I've really been enjoying using OpenBSD full time, both on my desktop (AMD Ryzen build) as well as laptops (Lenovo X230, X1 Carbon). Everything literally "just works", the documentation is impeccable, and I love being able to install a new kernel and base system with one simple command ("sysupgrade"). About the only thing I still use Linux for is a browser with U2F support and Bluetooth - both are disabled in OpenBSD for security.
A clarification on that point: OpenBSD's bluetooth stack was unmaintained and removed due to code rot; it's not that bluetooth as a protocol is inherently insecure.
> it's not that bluetooth as a protocol is inherently insecure
Bluetooth is a ridiculously complex protocol. Complexity is the enemy of security. There's no fixed threshold beyond which complexity makes something "insecure", and Wi-Fi and even USB aren't exactly simple (both have had their share of implementation exploits across operating systems), but AFAIU there's a strong sentiment that Bluetooth is far too complex for the benefit it brings, which perhaps explains why OpenBSD's stack was unmaintained.
Course, now we have Bluetooth: Wired Edition with USB-C layering many different optional protocols over the base transport. I understand the rationale, but I fear it means the days of "just works" USB may be coming to an end...
I'm not sure why U2F would be "disabled for security". I guess it's just that nobody has implemented all the required things. For the USB tokens, you need userspace USB HID access and hotplug notifications. I did that in Firefox for FreeBSD :)
When I asked in IRC, I was told U2F was not implemented in browsers on OpenBSD because, "do you really want browsers to have full access to your USB stack?"
This comment is really interesting to me. What wifi chip is in your X1 carbon? I would love to try a BSD on my t480s. What windowing system are you using?
I read about the "sysupgrade" tool and concluded that the upgrade to 6.7 in another 6 months will be awfully seamless... But I see from this that they backported the tool as a syspatch for 6.5! So from 6.5 we will be able to do syspatch && sysupgrade to get to 6.6. Sounds nice.

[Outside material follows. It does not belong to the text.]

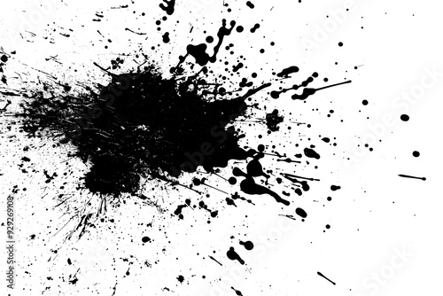 Black ink splash grunge texture, abstract png file cut out and isolated on a transparent background, stock illustration image
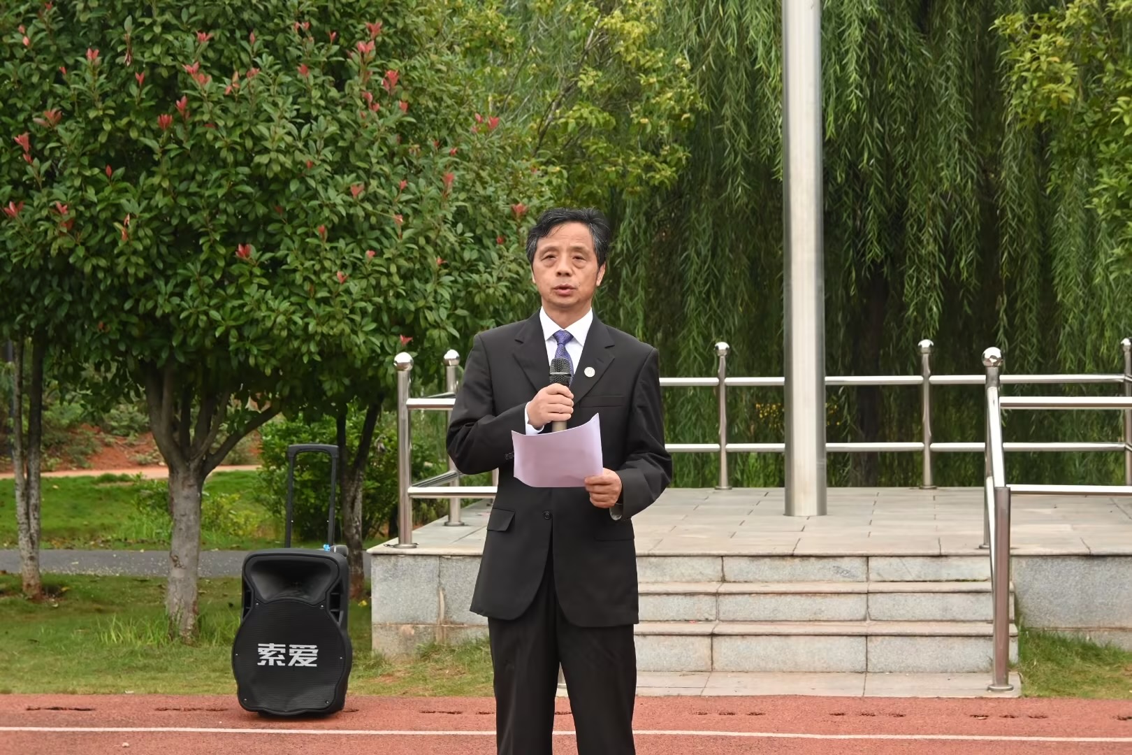 钱建国回顾了祖国76载砥砺奋进的光辉历程,分享了感人的爱国人物事迹。他勉励全校青年高举爱国主义伟大旗帜,听党话、跟党走,常怀爱国之心、报国之志,把青春融入强国建设,让青春之花在祖国和人民最需要的地方绚丽绽放。

Tried on one of my machines. Seems to work fine. You still do the delete file step manually but that's minor. This is going to save a lot of effort on certain machines.
Just keeps getting better and better every release. I wish they would add an easy encryption option in the installer. You can enable full disk encryption, but you have to mess with the bioctl settings, which potentially scares off new users.
To be fair, I've NEVER been able to configure LUKS manually for full-disk encryption, whereas I got bioctl working on the first try. It really is simple.
o Added regular expression support for the format search, match andsubstitute modifiers in tmux(1).
o Added a -v flag to source-file in tmux(1) to show the commands and line numbers.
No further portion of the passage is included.